### Your assignment
What is printed must match, line for line, the records from their first line through the line containing "Camicia bianca dalla", with pictures left out.

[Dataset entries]

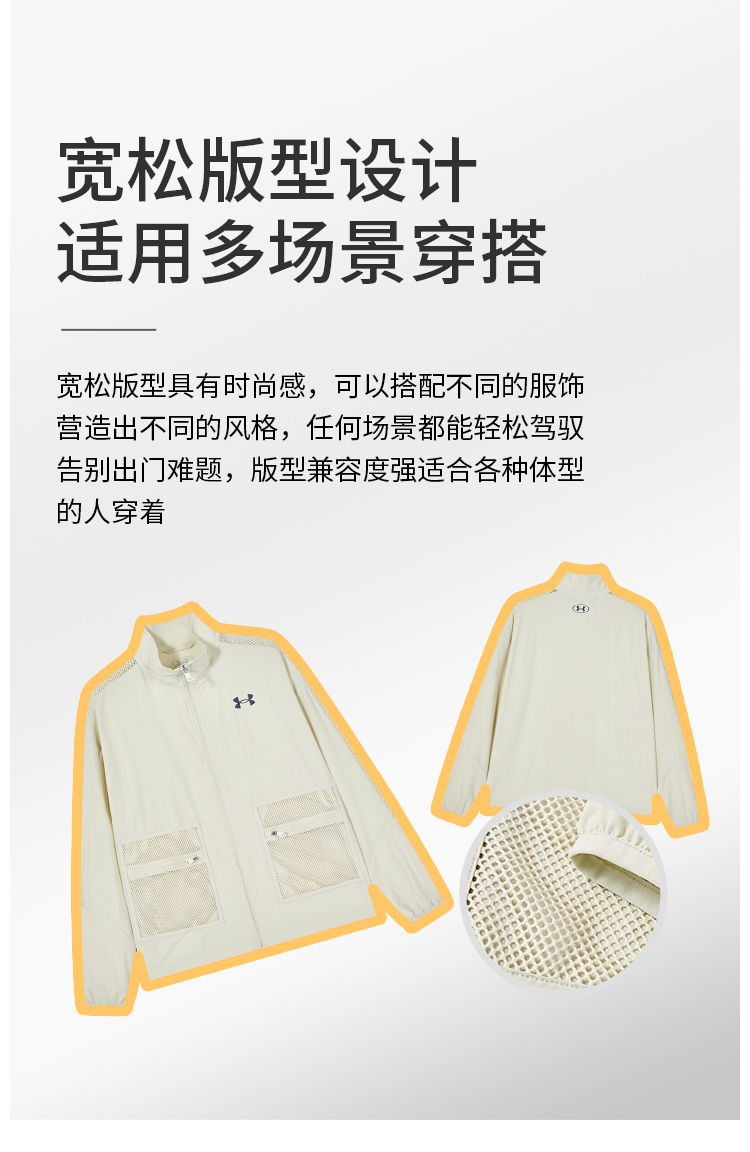 这款外套采用了宽松设计,非常适合穿着。同时,袖子的网布拼接设计,与网布口袋呼应,增加细节、层次感,打破单一沉闷感。可以满足不同顾客的需求。宽松版型具有时尚感,可以搭配不同的服饰,营造出不同的风格,任何场景都能轻松驾驭,告别出门难题,版型兼容度强适合各种体型的人穿着
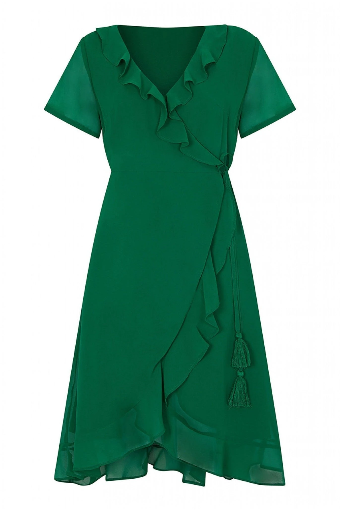 Twirl into the party spirit with the Yumi Green Frill Wrap Dress. It’s cut in a classic wrap shape with gentle ruffles running from shoulder to hemline. The waist is pulled in by a tie that’s enhanced by a stylish tassel, with a lining underneath to finish. Complete your look with block heels.
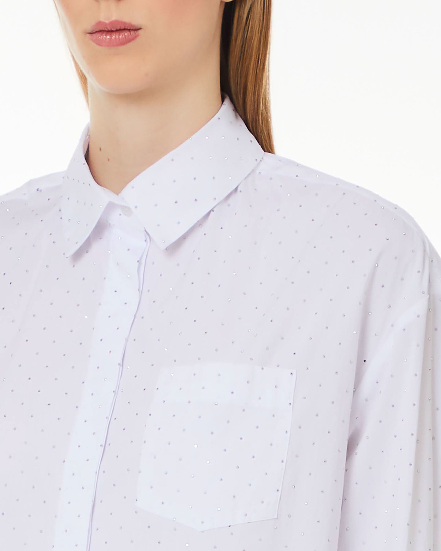 Camicia bianca dalla linea ampia in popeline di puro cotone con strass applicati all over Very well made.
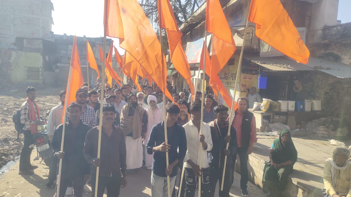यह चल समारोह शहर के प्रमुख मार्गों से होते हुए दिल्ली दरवाजे होते हुए नया बस स्टेंड पहुंचा ।नये बस स्टैंड के मैदान में वैदिक मंत्रोच्चार एवं वेद पाठ के साथ विधिवत रूप से ध्वज की स्थापना की गई तथा भूमि पूजन संपन्न हुआ। कार्यक्रम के दौरान महंत जुगल किशोर जी महाराज ने उपस्थित जनसमूह को संबोधित करते हुए हिंदू एकता, संस्कृति संरक्षण एवं संगठन की मजबूती पर अपने विचार रखे। इस अवसर पर बड़ी संख्या में हिंदू समाज के लोग उपस्थित रहे।
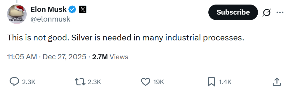 马斯克(Elon Musk)近期在社交平台 X 上对此明确表示:“这不是什么好事。许多工业生产都需要白银。”马斯克的担忧不仅在于特斯拉的造车成本,更在于其 “宏图计划”(Master Plan 3) 的核心——可持续能源转型。
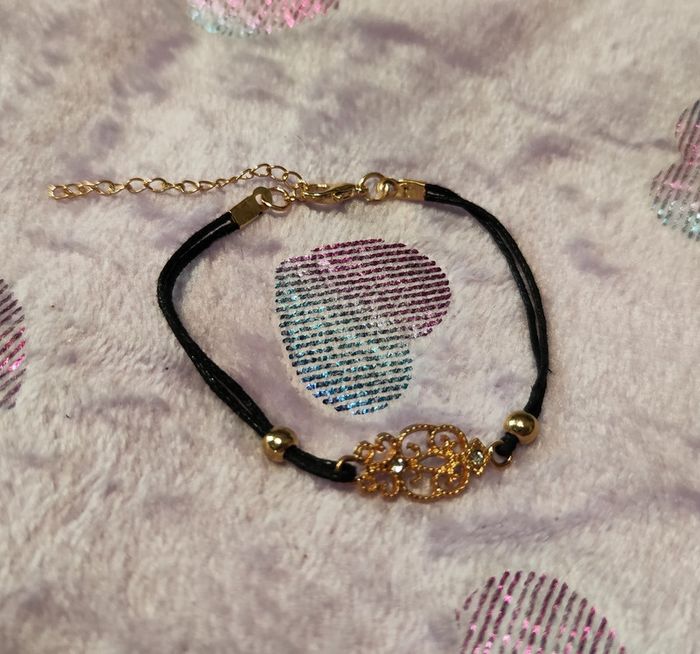 Bracelet noir et doré avec breloque dorée et zirconiums ajustable. Neuf sans étiquette ni emballage. #mllejoysbijoux #mllejoysneuf
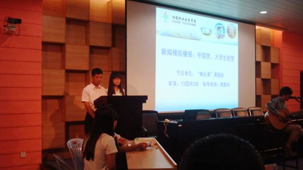 接着,汇报会选取了校内实践教学中的5个项目通过歌曲串烧、配乐诗朗诵、微电影、模拟新闻播报、辩论赛的形式进行了展演。
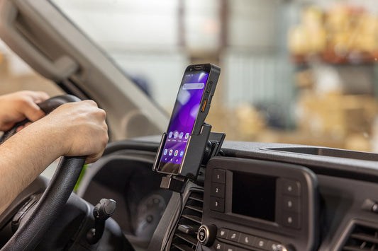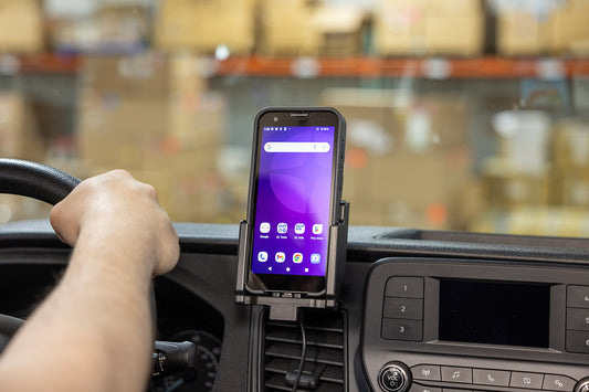 With USB-C cable. 2 USB ports: Type-A and Type-C: QC 3.0A + 2.4A. With tilt swivel. 2.7A charging. 12/24V. For device in Protective Rubber Boot (PRS3800X01507) with/without handstrap.
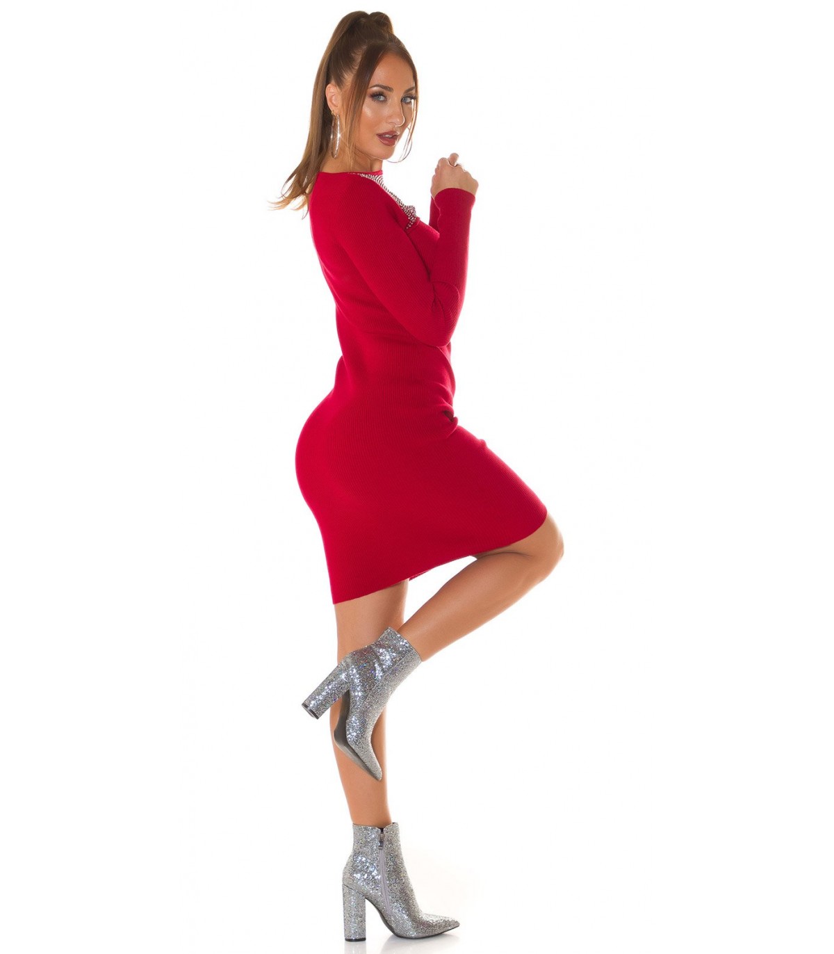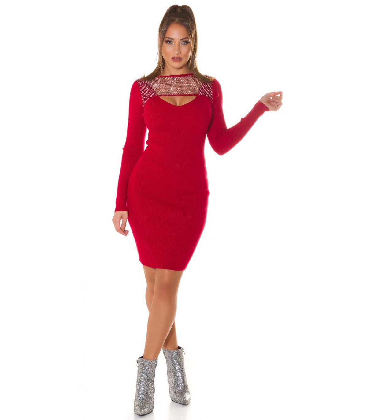 Bourgogne v-ribbinklänning med strassnät

### Reply to the task
 这款外套采用了宽松设计,非常适合穿着。同时,袖子的网布拼接设计,与网布口袋呼应,增加细节、层次感,打破单一沉闷感。可以满足不同顾客的需求。宽松版型具有时尚感,可以搭配不同的服饰,营造出不同的风格,任何场景都能轻松驾驭,告别出门难题,版型兼容度强适合各种体型的人穿着
 Twirl into the party spirit with the Yumi Green Frill Wrap Dress. It’s cut in a classic wrap shape with gentle ruffles running from shoulder to hemline. The waist is pulled in by a tie that’s enhanced by a stylish tassel, with a lining underneath to finish. Complete your look with block heels.
 Camicia bianca dalla linea ampia in popeline di puro cotone con strass applicati all over Very well made.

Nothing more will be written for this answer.